# Source records:
=== Section Start ===

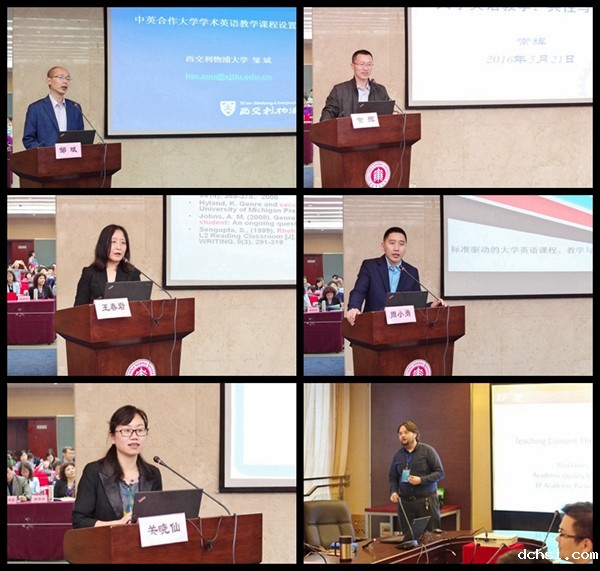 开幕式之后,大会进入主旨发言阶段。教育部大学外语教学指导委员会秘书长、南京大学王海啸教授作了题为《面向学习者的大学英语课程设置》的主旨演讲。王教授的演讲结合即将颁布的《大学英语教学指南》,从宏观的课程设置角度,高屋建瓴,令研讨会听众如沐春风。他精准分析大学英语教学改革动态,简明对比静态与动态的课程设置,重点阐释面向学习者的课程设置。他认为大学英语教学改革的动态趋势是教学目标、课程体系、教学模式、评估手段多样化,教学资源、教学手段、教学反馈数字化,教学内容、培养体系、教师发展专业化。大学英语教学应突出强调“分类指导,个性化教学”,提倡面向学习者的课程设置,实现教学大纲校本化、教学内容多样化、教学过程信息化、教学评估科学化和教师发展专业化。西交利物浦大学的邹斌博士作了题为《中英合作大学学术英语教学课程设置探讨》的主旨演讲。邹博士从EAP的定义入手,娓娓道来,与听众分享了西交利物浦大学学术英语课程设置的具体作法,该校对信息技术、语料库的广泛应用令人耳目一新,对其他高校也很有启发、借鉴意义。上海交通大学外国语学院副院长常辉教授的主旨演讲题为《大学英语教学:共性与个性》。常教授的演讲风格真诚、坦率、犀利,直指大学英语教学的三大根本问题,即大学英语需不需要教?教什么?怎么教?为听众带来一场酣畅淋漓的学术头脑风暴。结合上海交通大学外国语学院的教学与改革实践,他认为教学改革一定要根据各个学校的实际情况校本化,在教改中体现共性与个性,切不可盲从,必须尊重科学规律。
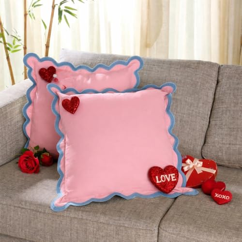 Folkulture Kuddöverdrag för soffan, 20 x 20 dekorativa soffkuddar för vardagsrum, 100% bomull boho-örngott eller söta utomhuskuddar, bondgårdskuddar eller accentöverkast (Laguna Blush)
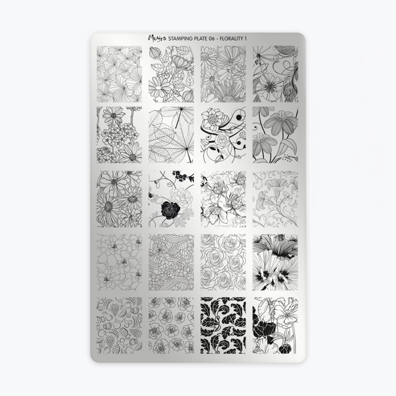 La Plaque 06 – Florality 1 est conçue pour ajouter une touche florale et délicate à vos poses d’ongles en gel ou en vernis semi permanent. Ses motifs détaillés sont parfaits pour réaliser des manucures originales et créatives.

=== Section End ===
=== Section Start ===

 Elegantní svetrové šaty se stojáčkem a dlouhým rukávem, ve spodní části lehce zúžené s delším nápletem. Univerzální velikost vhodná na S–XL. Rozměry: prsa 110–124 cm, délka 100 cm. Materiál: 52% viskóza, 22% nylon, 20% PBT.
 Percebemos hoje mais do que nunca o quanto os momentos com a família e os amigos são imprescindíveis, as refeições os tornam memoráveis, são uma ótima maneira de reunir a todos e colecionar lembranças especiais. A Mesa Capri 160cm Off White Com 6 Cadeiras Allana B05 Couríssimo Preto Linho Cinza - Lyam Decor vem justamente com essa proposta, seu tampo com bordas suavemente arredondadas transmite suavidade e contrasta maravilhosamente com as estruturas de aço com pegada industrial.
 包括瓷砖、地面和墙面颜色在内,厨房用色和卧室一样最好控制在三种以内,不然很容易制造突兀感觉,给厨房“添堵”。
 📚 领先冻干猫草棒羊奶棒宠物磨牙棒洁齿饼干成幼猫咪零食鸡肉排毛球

=== Section End ===

# Brief:
Using the entries above, reproduce word for word only the lines from the one that contains "开幕式之后,大会进入主旨发言" to the one that contains "La Plaque 06", both ends included, and drop every picture.

# Exercise output:
 开幕式之后,大会进入主旨发言阶段。教育部大学外语教学指导委员会秘书长、南京大学王海啸教授作了题为《面向学习者的大学英语课程设置》的主旨演讲。王教授的演讲结合即将颁布的《大学英语教学指南》,从宏观的课程设置角度,高屋建瓴,令研讨会听众如沐春风。他精准分析大学英语教学改革动态,简明对比静态与动态的课程设置,重点阐释面向学习者的课程设置。他认为大学英语教学改革的动态趋势是教学目标、课程体系、教学模式、评估手段多样化,教学资源、教学手段、教学反馈数字化,教学内容、培养体系、教师发展专业化。大学英语教学应突出强调“分类指导,个性化教学”,提倡面向学习者的课程设置,实现教学大纲校本化、教学内容多样化、教学过程信息化、教学评估科学化和教师发展专业化。西交利物浦大学的邹斌博士作了题为《中英合作大学学术英语教学课程设置探讨》的主旨演讲。邹博士从EAP的定义入手,娓娓道来,与听众分享了西交利物浦大学学术英语课程设置的具体作法,该校对信息技术、语料库的广泛应用令人耳目一新,对其他高校也很有启发、借鉴意义。上海交通大学外国语学院副院长常辉教授的主旨演讲题为《大学英语教学:共性与个性》。常教授的演讲风格真诚、坦率、犀利,直指大学英语教学的三大根本问题,即大学英语需不需要教?教什么?怎么教?为听众带来一场酣畅淋漓的学术头脑风暴。结合上海交通大学外国语学院的教学与改革实践,他认为教学改革一定要根据各个学校的实际情况校本化,在教改中体现共性与个性,切不可盲从,必须尊重科学规律。
 Folkulture Kuddöverdrag för soffan, 20 x 20 dekorativa soffkuddar för vardagsrum, 100% bomull boho-örngott eller söta utomhuskuddar, bondgårdskuddar eller accentöverkast (Laguna Blush)
 La Plaque 06 – Florality 1 est conçue pour ajouter une touche florale et délicate à vos poses d’ongles en gel ou en vernis semi permanent. Ses motifs détaillés sont parfaits pour réaliser des manucures originales et créatives.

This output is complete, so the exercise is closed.